▶ [RECORDS SHOWN]
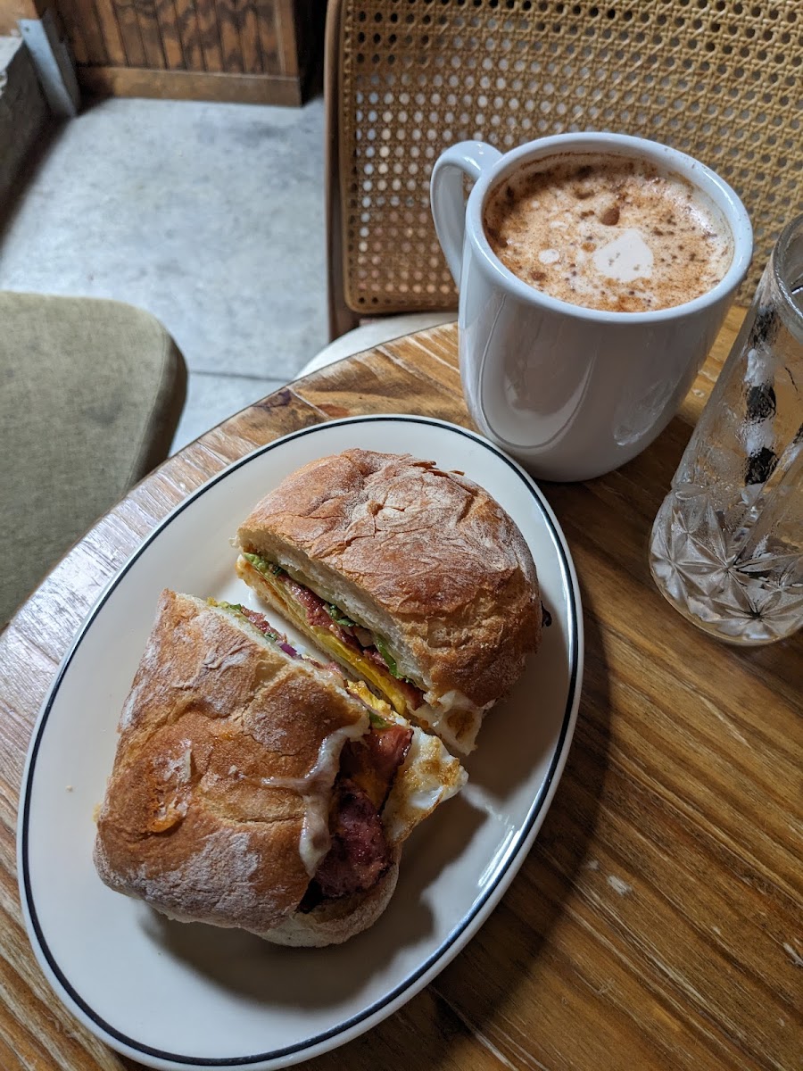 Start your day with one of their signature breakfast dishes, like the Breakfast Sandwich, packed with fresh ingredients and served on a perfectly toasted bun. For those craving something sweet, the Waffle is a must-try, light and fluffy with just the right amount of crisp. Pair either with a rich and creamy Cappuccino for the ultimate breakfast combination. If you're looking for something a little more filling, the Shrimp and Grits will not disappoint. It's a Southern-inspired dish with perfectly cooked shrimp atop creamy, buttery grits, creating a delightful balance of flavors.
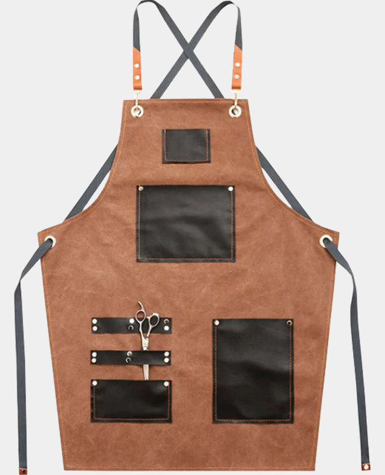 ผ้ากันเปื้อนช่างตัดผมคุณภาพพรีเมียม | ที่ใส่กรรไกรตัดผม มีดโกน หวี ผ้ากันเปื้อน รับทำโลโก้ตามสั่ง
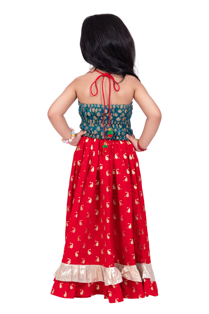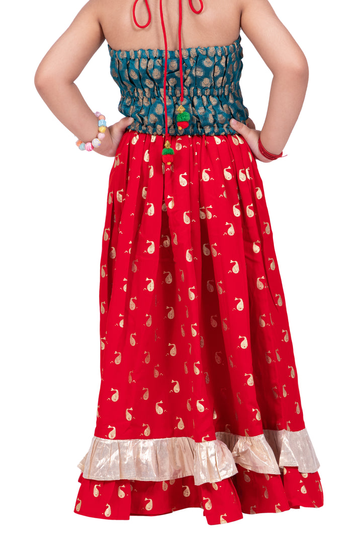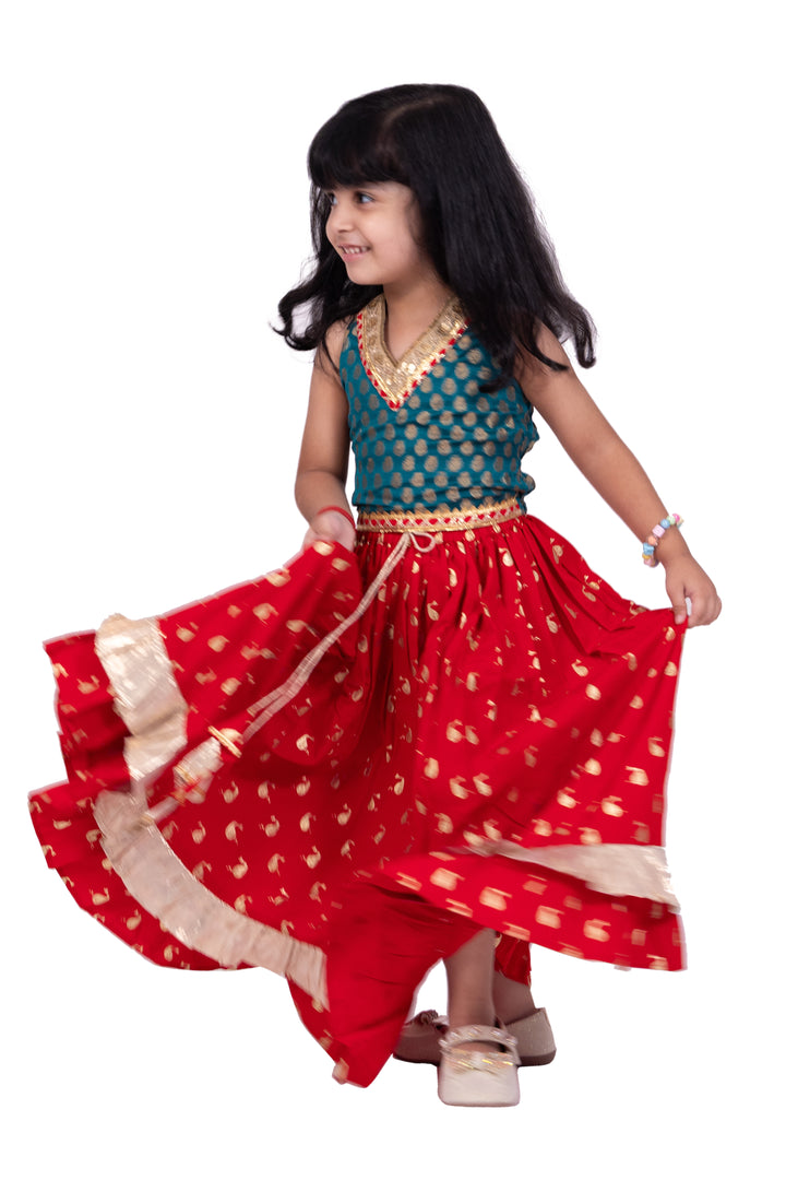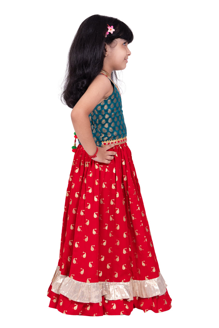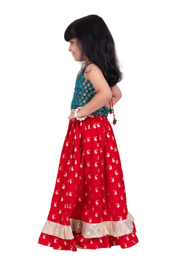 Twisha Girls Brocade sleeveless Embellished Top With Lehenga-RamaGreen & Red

==

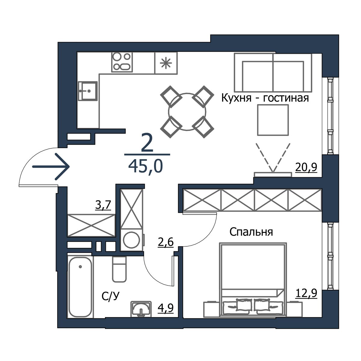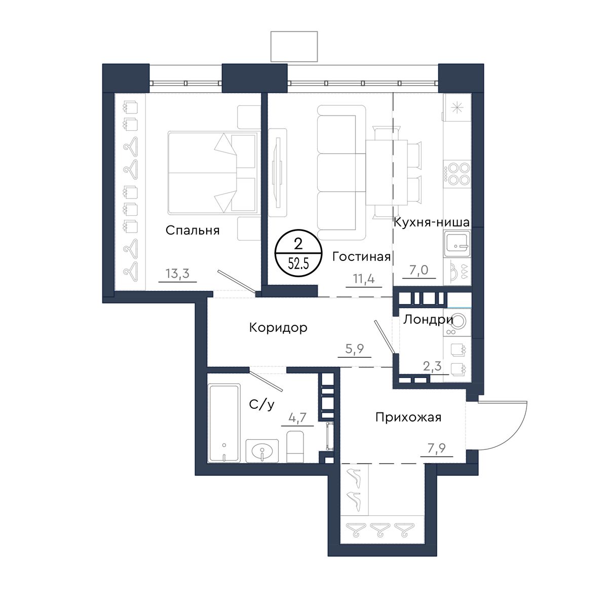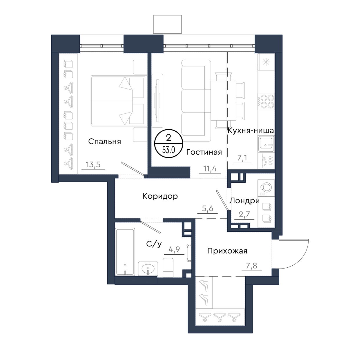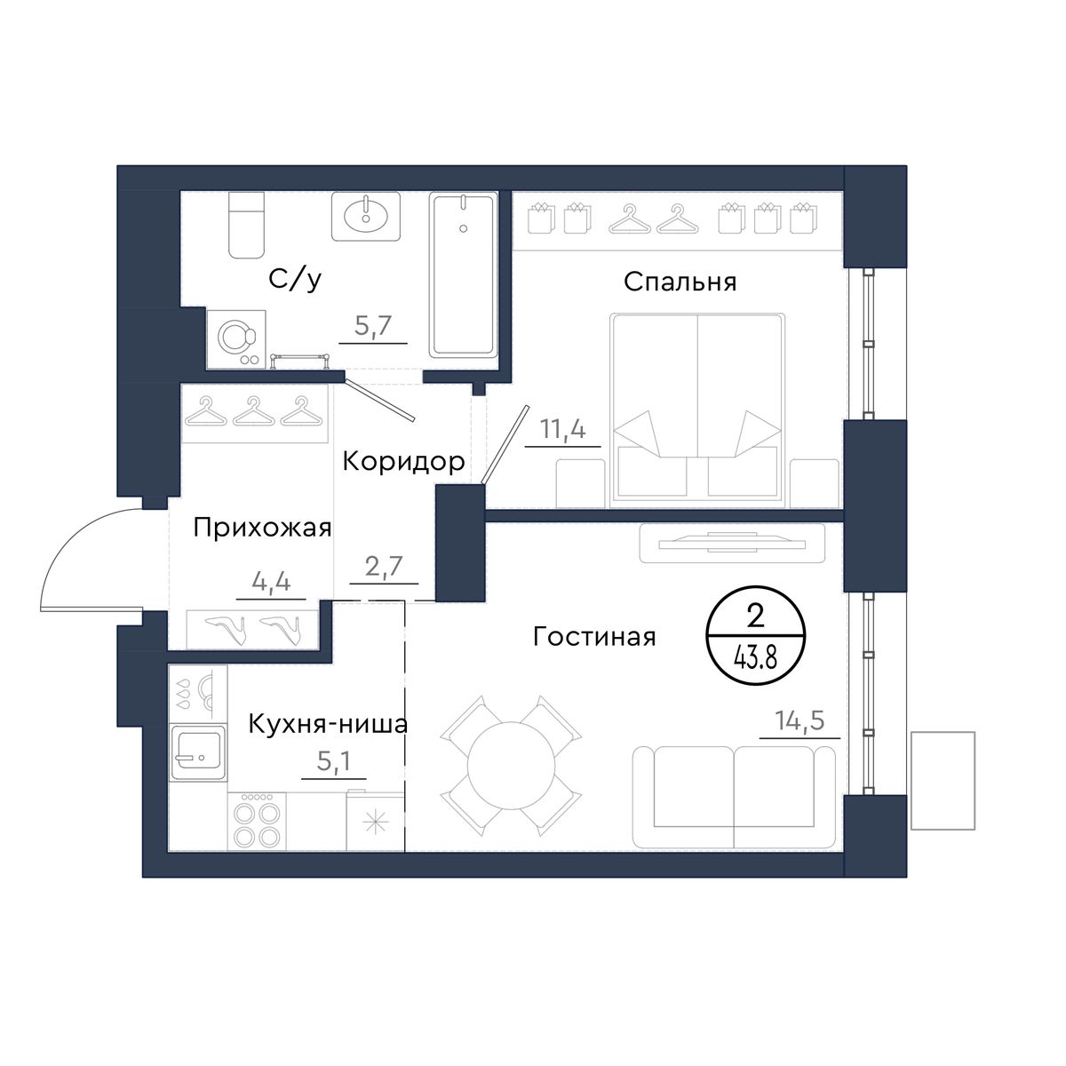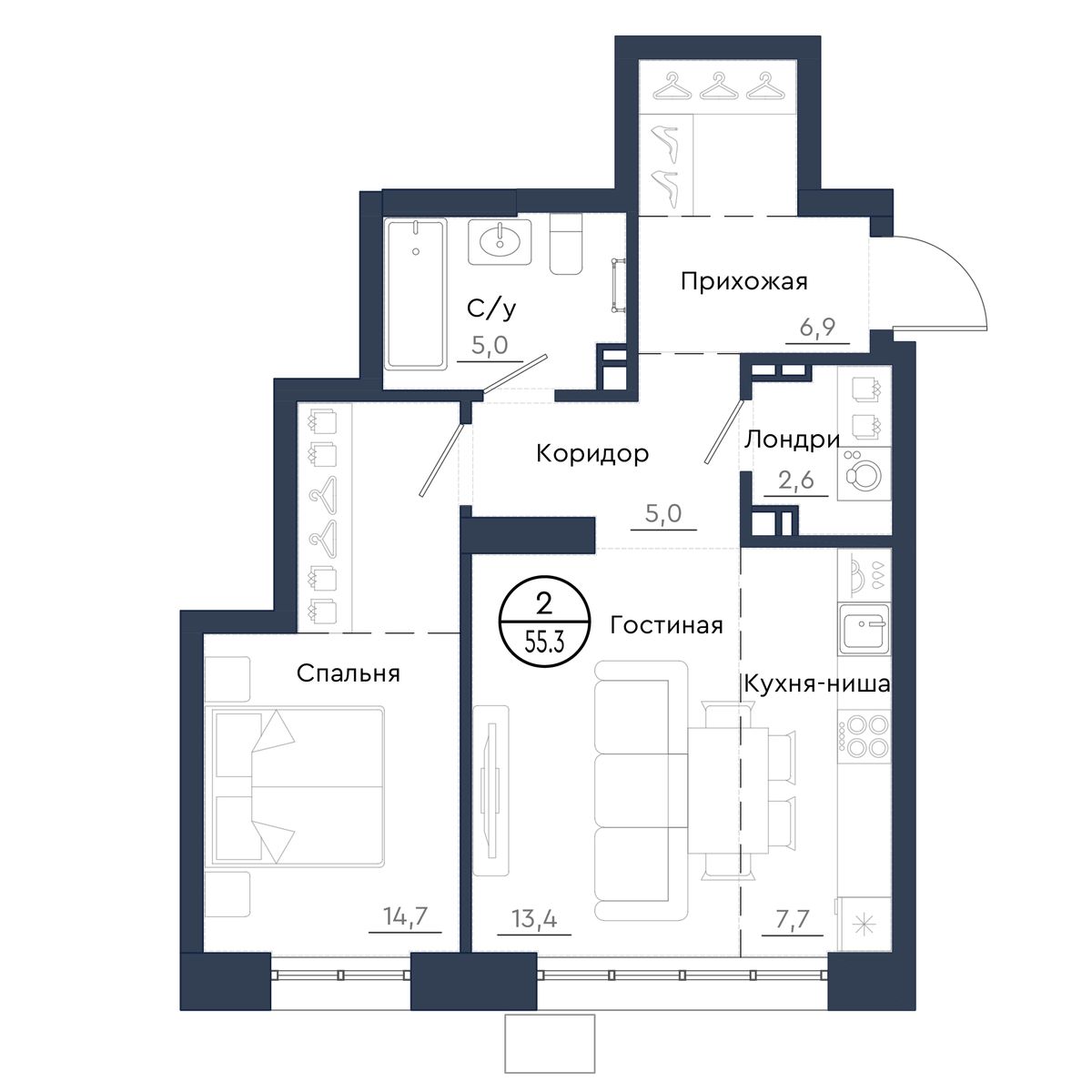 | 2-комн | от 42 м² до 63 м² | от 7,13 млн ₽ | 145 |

▶ [WHAT TO DO] Nothing but the lines from the one containing "Start your day" through the one containing "Twisha Girls Brocade" should appear, copied exactly from the material above and without pictures.

▶ [EXPECTED OUTPUT]
 Start your day with one of their signature breakfast dishes, like the Breakfast Sandwich, packed with fresh ingredients and served on a perfectly toasted bun. For those craving something sweet, the Waffle is a must-try, light and fluffy with just the right amount of crisp. Pair either with a rich and creamy Cappuccino for the ultimate breakfast combination. If you're looking for something a little more filling, the Shrimp and Grits will not disappoint. It's a Southern-inspired dish with perfectly cooked shrimp atop creamy, buttery grits, creating a delightful balance of flavors.
 ผ้ากันเปื้อนช่างตัดผมคุณภาพพรีเมียม | ที่ใส่กรรไกรตัดผม มีดโกน หวี ผ้ากันเปื้อน รับทำโลโก้ตามสั่ง
 Twisha Girls Brocade sleeveless Embellished Top With Lehenga-RamaGreen & Red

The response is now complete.